FREE ELECTRONIC LIBRARY - Thesis, dissertations, books

Pages:   || 2 | 3 |

«1. Introduction This is a draft of a reference model for mapping tools. The intension is to address a comprehensive and sustainable functionality in ...»

-- [ Page 1 ] --

A Reference Model for Data Mapping tools

Draft Update August 2013

1. Introduction

This is a draft of a reference model for mapping tools. The intension is to address a comprehensive

and sustainable functionality in a scenario of information providers and aggregators, including the

long-term maintenance of resources. We assume a distribution of responsibilities, in which the

information provider curates his/her resources and provides in regular intervals updates, whereas

the aggregator is responsible for the homogeneous access to the integrated data and the resolution co-references (multiple URIs for the same thing) across all provided data. In the course of the transformation of resources to the target system, some kinds of quality control can be done which the provider has no means to do (see also the services provided by OCLC). Therefore the information provider receives and benefits from data cleaning information produced by the aggregator. The challenge is to define a modular architecture of as many components as possible that can independently be developed and optimized with minimal interfaces between them, without hindering integrated UI development for the different user roles involved.

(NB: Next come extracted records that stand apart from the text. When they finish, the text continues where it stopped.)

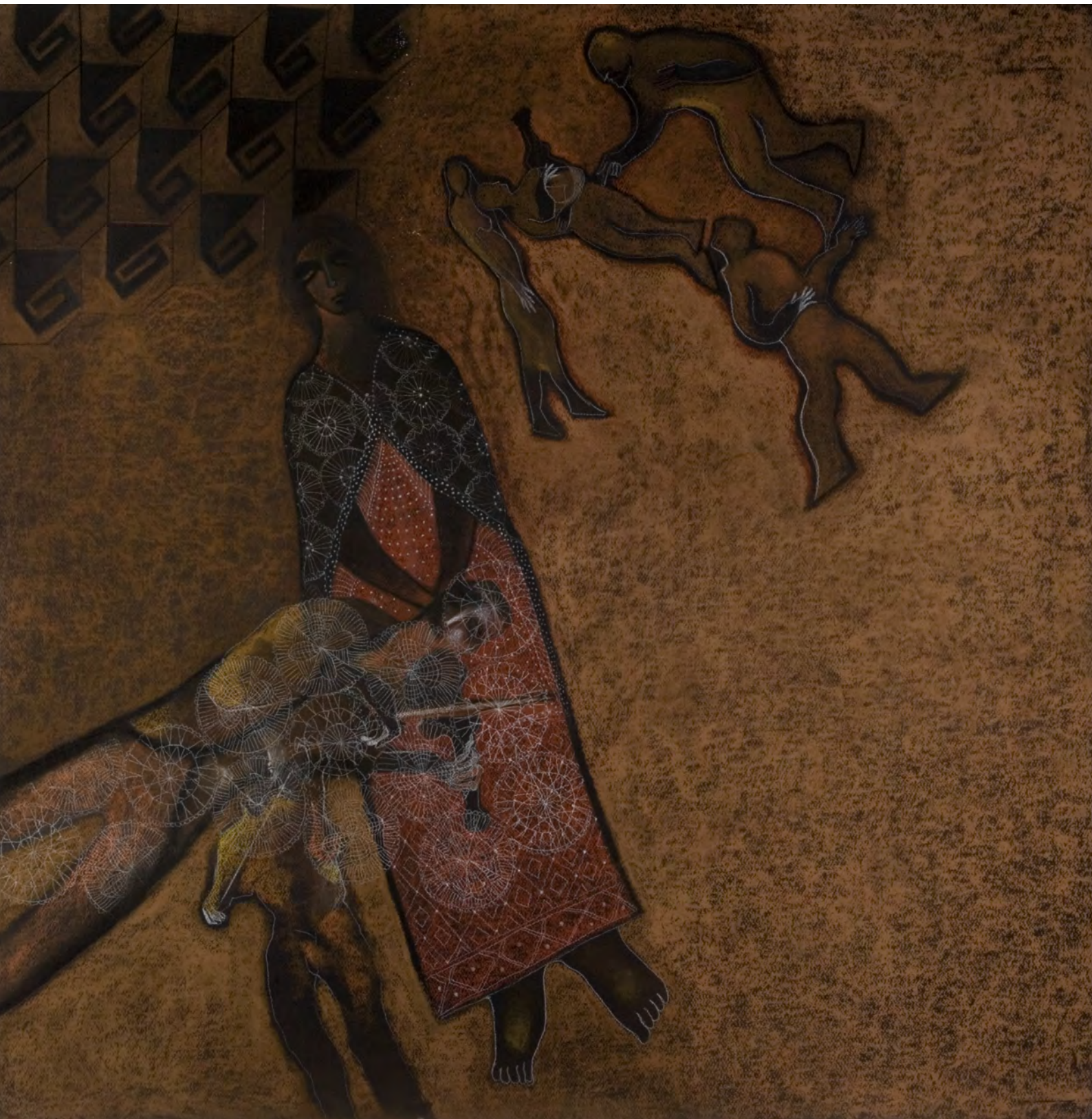
"The Violinists of Santiago" Technique: pastel on canvas Size: 100 x 100
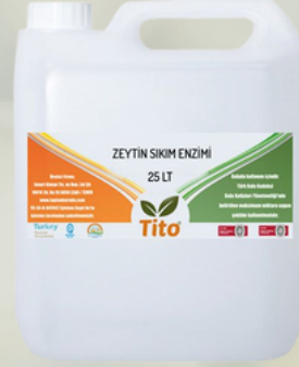
Zeytin Sıkım Enzimi
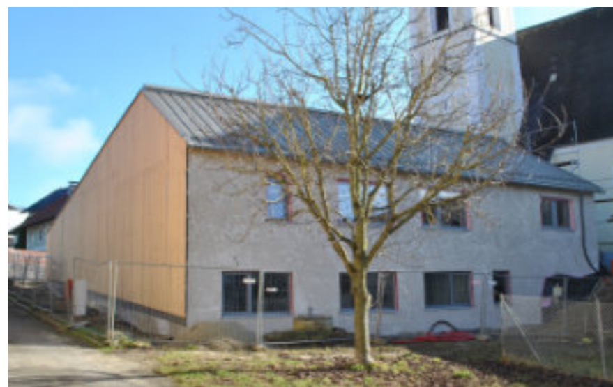
Nord- und Westseite

Die Fliesenleger der Fa. Bau-Bast begannen am 2. Februar mit dem Verlegen der Fliesen.
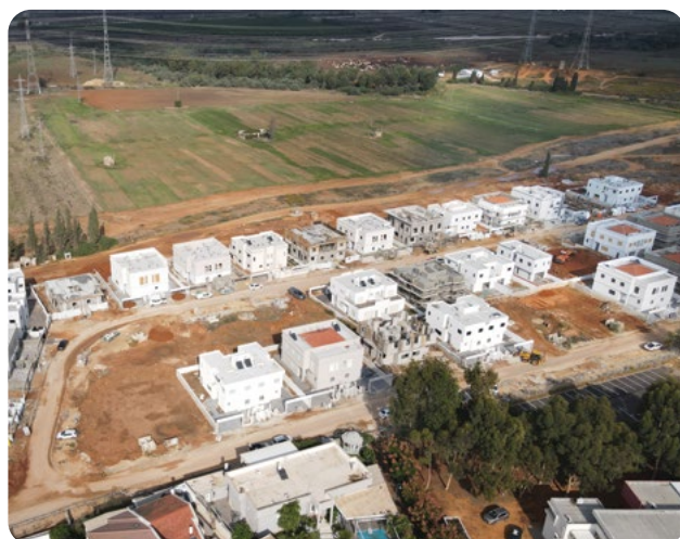
בית אליעזר, חדרה | 72 יחידות (בתים דו-משפחתיים)
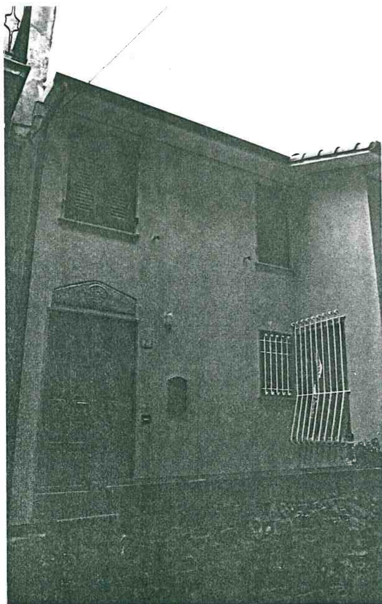
Vista prospettica da Via Roma
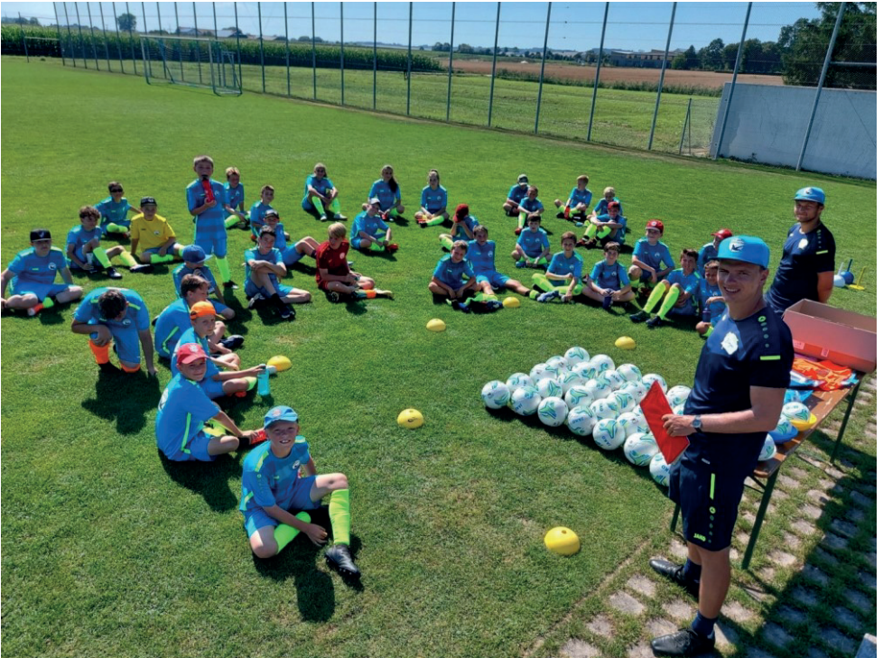
Trainer der Hans Dorfner Fußballschule bei der Siegerehrung der Jugendkicker
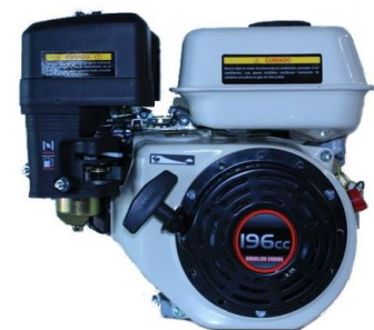
G200F Powered by MARR
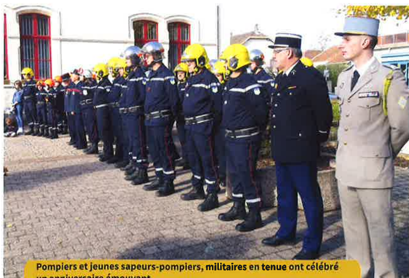
Pompiers et jeunes sapeurs-pompiers, militaires en tenue ont célébré un anniversaire émouvant.
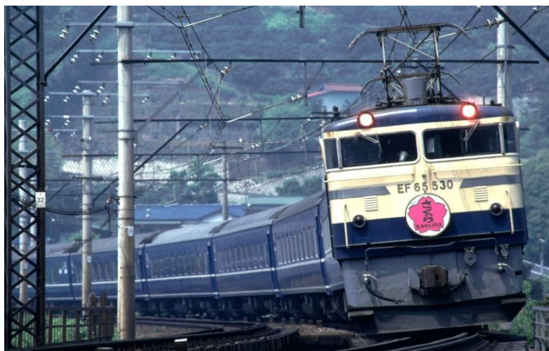
ピンク桜のヘッドマーク 1975(昭和50)年7月 東海道本線 真鶴～湯河原
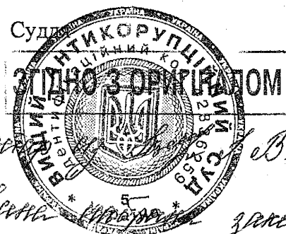
Д. Г. Михайленко

Враховуючи, що інших перешкод для призначення до розгляду апеляційної скарги на ухвалу суду від 18.12.2019 на етапі прийняття цієї скарги не виявлено, то слід призначити розгляд клопотання захисника про поновлення строку на апеляційне оскарження, повідомити про його час, дату та місце учасників судового провадження. Ухвала оскарженню не підлягає. Виконано: 04.02.2020
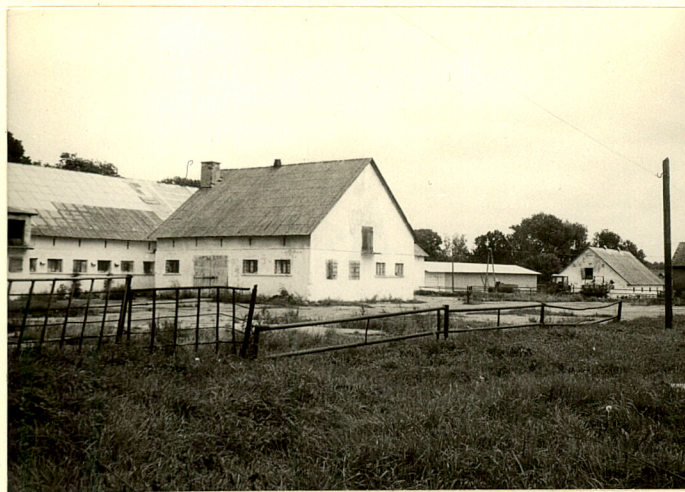
fot.14 Zabudowania w środkowej cz. d.folwarku
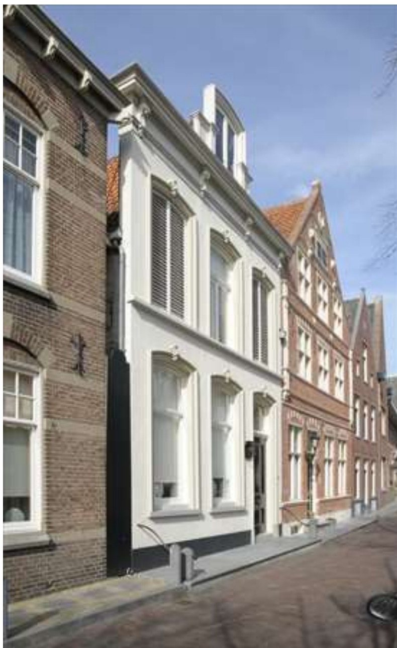
Situering van het pand in de noordelijke gevelwand van de Voorhaven.
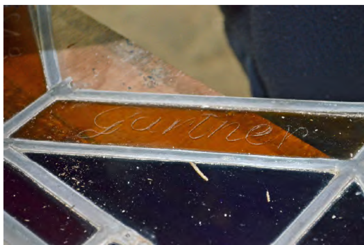
inscriptions du maître verrier sur la baie de la sacristie
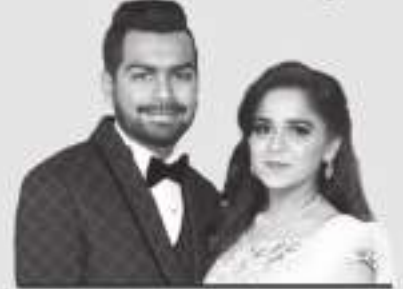
: દિકરી - જમાઈ :
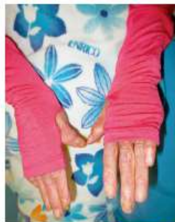
アームカバーの着用
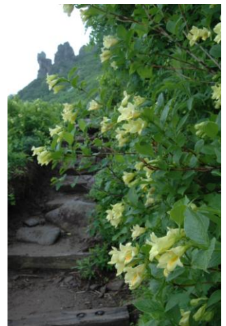
④黒岳9合目標柱付近

①黒岳7合目の雪渓は約9、21、4mが残る。②7合目標柱上部の21m雪渓は急斜面で固く、特に下山時は滑るので一般初心者には、かなり危険な状態。黒岳8合目周辺の雪渓は消失。③9合目標柱下周辺からチシマノキンバイソウ、ミヤマキンポウゲ、カラマツソウの花がほぼ満開となる。④9合目～山頂直下にかけてウコンウツギの花が見事になり、9合目周辺はそろそろ花の最盛期となる。
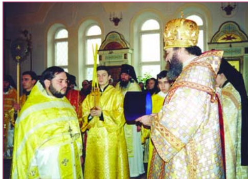
Иосиф в честь праведного Иосифа Обручника. ***
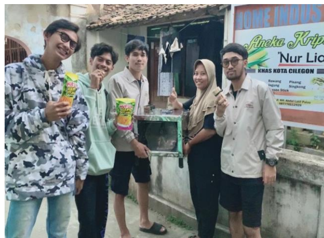
Gambar 5. Serah terima alat

pengirisan 3-5 kali dibandingkan menggunakan alat pengiris yang selama ini digunakan. Hal ini sejalan dengan hasil yang dilakukan Pamungkas et al. (2021), dimana penggunaan alat bantu mampu meningkatkan 3 kali produktivitas produksi keripik pisang. Peningkatan produktivitas akan berdampak baik bagi UMKM "Nur Lia" untuk meningkatkan kapasitas produksi atau perluasan pasar. Perancangan alat ini belum memperhatikan diameter pulley yang mempunyai pengaruh terhadap kecepatan dan kapasitas irisan (Ardiansyah & Suartiyanti, 2022).
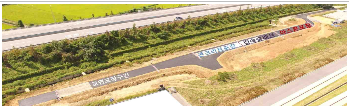
[시험도로 전경(교면포장, 콘크리트포장, 접속슬래브, 아스콘포장)]
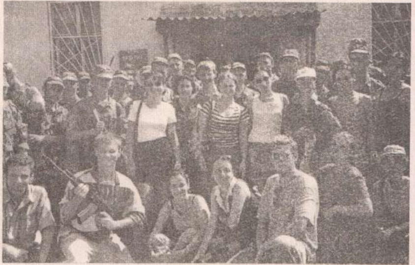
С солдатами ВДВ

Интересным оказалось и посещение ВДВ. С нашими десантниками мы беседовали о том, что им пришлось преодолеть, включая отношение к нашей армии, чтобы оказаться здесь. Трудно сказать, кто кому давал концерт — мы им или они нам. И хозяева, и гости пели песни, читали стихи. А потом мы смотрели, как живут ребята, даже поупражнялись в прыжках с макета самолета.

The first part of this model is a sort of requirements specification, which breaks down in the usual way into a definition of the involved user roles, the primary kinds of data the users aims at handling and the complete definition of the processes users carry out to manage these data.

2. Process Model In the following, we specify user roles and data objects in order to have a vocabulary to define user processes. Of course, these things are interdependent, so a certain redundancy is inevitable.

We do not regard IT processes as self-contained and opposed to user processes, but IT processes are regarded as being part of the user processes replacing manual work. Once such a model has been defined, it allows for a dynamic definition of which user processes are replaced or assisted by IT processes, and to justify IT processes in terms of their utility for the functions users are ultimately interested in.

2.1 User Roles

Primary user roles are:

Provider: We call providers in this model the maintainers of Local information systems. In this model, we may also call them simply source systems. Following CIDOC CRM v5.0, “These are either collection management systems or content management systems that constitute institutional memories and are maintained by an institution. They are used for primary data entry, i.e. a relevant part of the information, be it data or metadata, is primary information in digital form that fulfils institutional needs”. In practice and even more general, these are individual museums, archives, libraries, sites and monument records, academic institutes, private research societies etc., represented by their curators, IT referents or researchers. Providers ultimately have the knowledge about the meaning of their data in the real world (if anybody has it), or know who knows, or know how to verify it.

Aggregator: We call aggregators in this model the maintainers of Integrated access systems. In this model, we may also call them simply target systems. Following CIDOC CRM v5.0, “These provide an homogeneous access layer to multiple local systems. The information they manage resides primarily on local systems.” Aggregators will maintain a form of business agreements with providers to send data from local systems to the aggregators’ systems, primarily metadata. In this model, we are not interested in aggregators doing harvesting without any business interaction with the provider. The model will be useful for such scenarios in a trivial way we do not explicitly describe. Aggregators have no direct knowledge about the meaning of the data they aggregate.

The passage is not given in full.